- **Task to complete**
Pictures in the data should be dropped; transcribe exactly the lines from the one that has "Heb je ons zien" through the one that has "Према препорукама Градског".

- **Records to process**
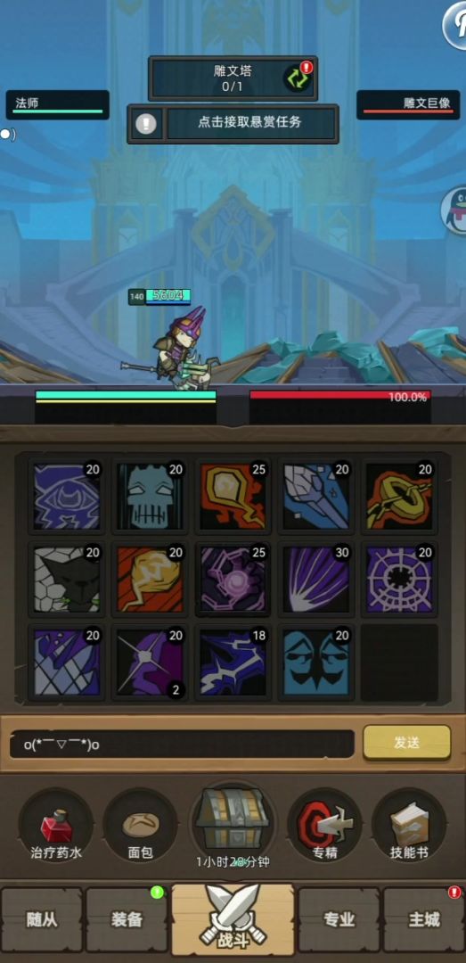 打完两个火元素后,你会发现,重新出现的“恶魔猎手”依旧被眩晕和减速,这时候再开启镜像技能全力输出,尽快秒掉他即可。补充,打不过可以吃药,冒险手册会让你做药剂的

...

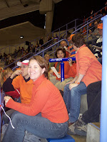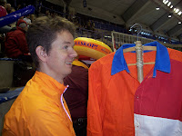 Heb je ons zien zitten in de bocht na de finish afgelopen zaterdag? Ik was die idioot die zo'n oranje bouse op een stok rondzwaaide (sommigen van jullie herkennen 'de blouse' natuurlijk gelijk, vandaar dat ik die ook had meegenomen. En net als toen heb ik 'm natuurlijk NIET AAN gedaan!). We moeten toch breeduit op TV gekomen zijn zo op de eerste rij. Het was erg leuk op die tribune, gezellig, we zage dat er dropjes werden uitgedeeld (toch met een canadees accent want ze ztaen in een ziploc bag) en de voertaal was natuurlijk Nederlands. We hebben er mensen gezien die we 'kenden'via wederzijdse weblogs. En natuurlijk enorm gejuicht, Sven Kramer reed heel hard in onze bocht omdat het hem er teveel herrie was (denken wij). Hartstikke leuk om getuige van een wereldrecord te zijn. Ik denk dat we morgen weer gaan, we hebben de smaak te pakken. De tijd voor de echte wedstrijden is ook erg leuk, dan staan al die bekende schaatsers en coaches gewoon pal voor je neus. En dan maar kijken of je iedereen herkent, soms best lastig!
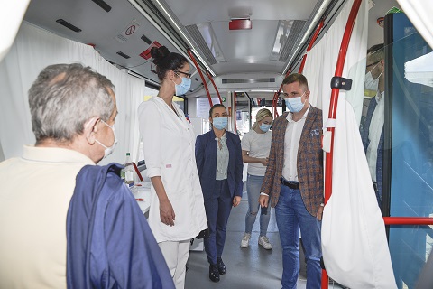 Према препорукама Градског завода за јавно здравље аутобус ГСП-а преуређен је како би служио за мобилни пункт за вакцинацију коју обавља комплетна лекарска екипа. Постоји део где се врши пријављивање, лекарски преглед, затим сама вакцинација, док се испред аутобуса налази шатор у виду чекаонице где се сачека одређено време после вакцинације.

- **Response below**
 Heb je ons zien zitten in de bocht na de finish afgelopen zaterdag? Ik was die idioot die zo'n oranje bouse op een stok rondzwaaide (sommigen van jullie herkennen 'de blouse' natuurlijk gelijk, vandaar dat ik die ook had meegenomen. En net als toen heb ik 'm natuurlijk NIET AAN gedaan!). We moeten toch breeduit op TV gekomen zijn zo op de eerste rij. Het was erg leuk op die tribune, gezellig, we zage dat er dropjes werden uitgedeeld (toch met een canadees accent want ze ztaen in een ziploc bag) en de voertaal was natuurlijk Nederlands. We hebben er mensen gezien die we 'kenden'via wederzijdse weblogs. En natuurlijk enorm gejuicht, Sven Kramer reed heel hard in onze bocht omdat het hem er teveel herrie was (denken wij). Hartstikke leuk om getuige van een wereldrecord te zijn. Ik denk dat we morgen weer gaan, we hebben de smaak te pakken. De tijd voor de echte wedstrijden is ook erg leuk, dan staan al die bekende schaatsers en coaches gewoon pal voor je neus. En dan maar kijken of je iedereen herkent, soms best lastig!
 Према препорукама Градског завода за јавно здравље аутобус ГСП-а преуређен је како би служио за мобилни пункт за вакцинацију коју обавља комплетна лекарска екипа. Постоји део где се врши пријављивање, лекарски преглед, затим сама вакцинација, док се испред аутобуса налази шатор у виду чекаонице где се сачека одређено време после вакцинације.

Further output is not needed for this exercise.